Living a Dolly Zoomed Life can Save the Planet

It’s not often that former astronauts will use cinematographic terms to describe their philosophies.

But that’s just what Ron Garan did in this Big Think video. Titled, “I went to space and discovered an enormous lie,” in it Ron describes the “Overview Effect” — the transformative cognitive shift reported by some while viewing the Earth from space.

He then reveals his philosophy and how living a dolly zoomed life helps him achieve it:

“One of the tools that we can use is a term that I borrowed from cinematography called a dolly zoom. And what a dolly zoom is, is where the camera is rolled back, or dollied back, at the same rate as the lens is zoomed in, and it was used in “Jaws” and “Vertigo” and many other films. And what the filmmakers use that technique for is to give altitude to a scene, and as the foreground stays the same and the background stretches. But we could also apply that term to the challenges that we face. If we dolly zoom a situation, that means that we zoom out to the widest geographical area we possibly can, ideally the entire planet, but as we zoom out to that big picture, we don’t lose focus on the worms-eye details on the ground.
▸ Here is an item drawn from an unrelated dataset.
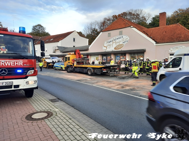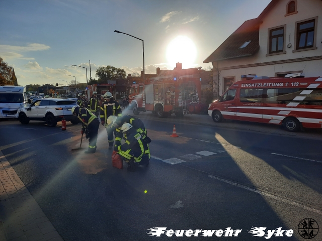 Syke (ts) Die Ortsfeuerwehr Syke wurde am 04.11.2022, gegen 14:55 Uhr, mit dem Einsatzstichwort „T1 - Auslaufende Betriebsstoffe“ zur Abzweigung „Hachedamm / Herrlichkeit“ alarmiert.
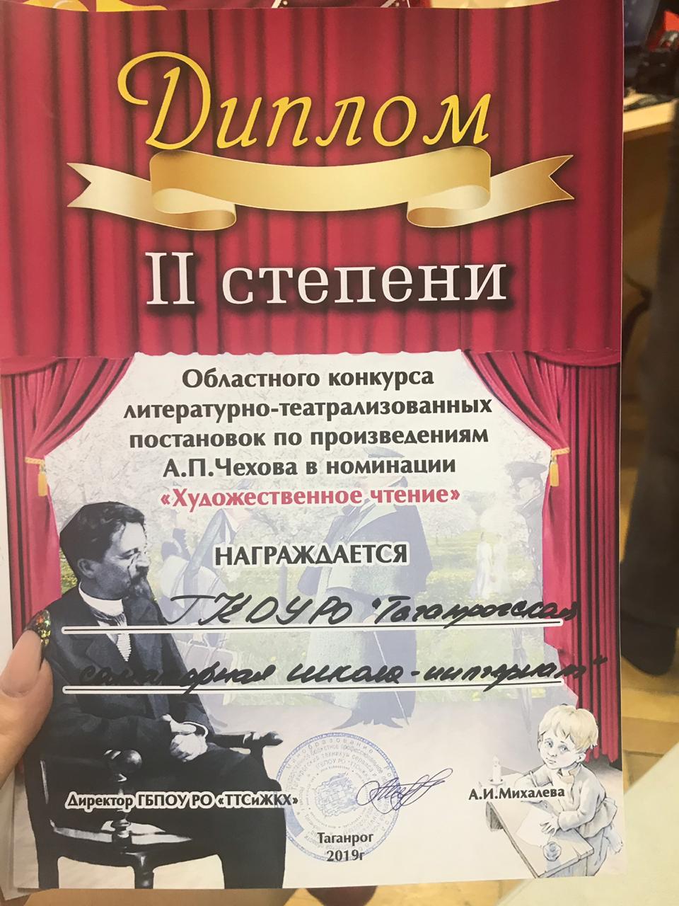 19 апреля 2019 года в ГБПОУ РО «ТТСиЖКХ» состоится областной конкурс литературно-театрализованных постановок по творчеству А.П.Чехова, который проводится в целях поддержки и развития литературно-театрального творчества обучающихся средних профессиональных учреждений образования Ростовской области. На данный конкурс были приглашены обучающиеся ГКОУ РО «Таганрогская санаторная школа - интернат». По итогам конкурса наши ребята заняли второе место.

We don’t zoom out to the point where people become numbers on a spreadsheet or a workforce or a voting block or a consumer block. They maintain their value as valued members of our human society. There’s also a temporal aspect to this. We need to zoom out to the longest time frame possible, ideally multi-generational, but in the process, we can’t lose sight of the short term. The last part of a dolly zoom is to see things from different perspectives, and so we understand the depth of our problem, and that makes our solutions that much more lasting and that much more effective…. What I try and do is to live a constant dolly-zoomed life. I wake up every morning in my bed, but I also wake up on a planet.

My take: As we start a new year, I love this perspective: Think Globally, Act Locally.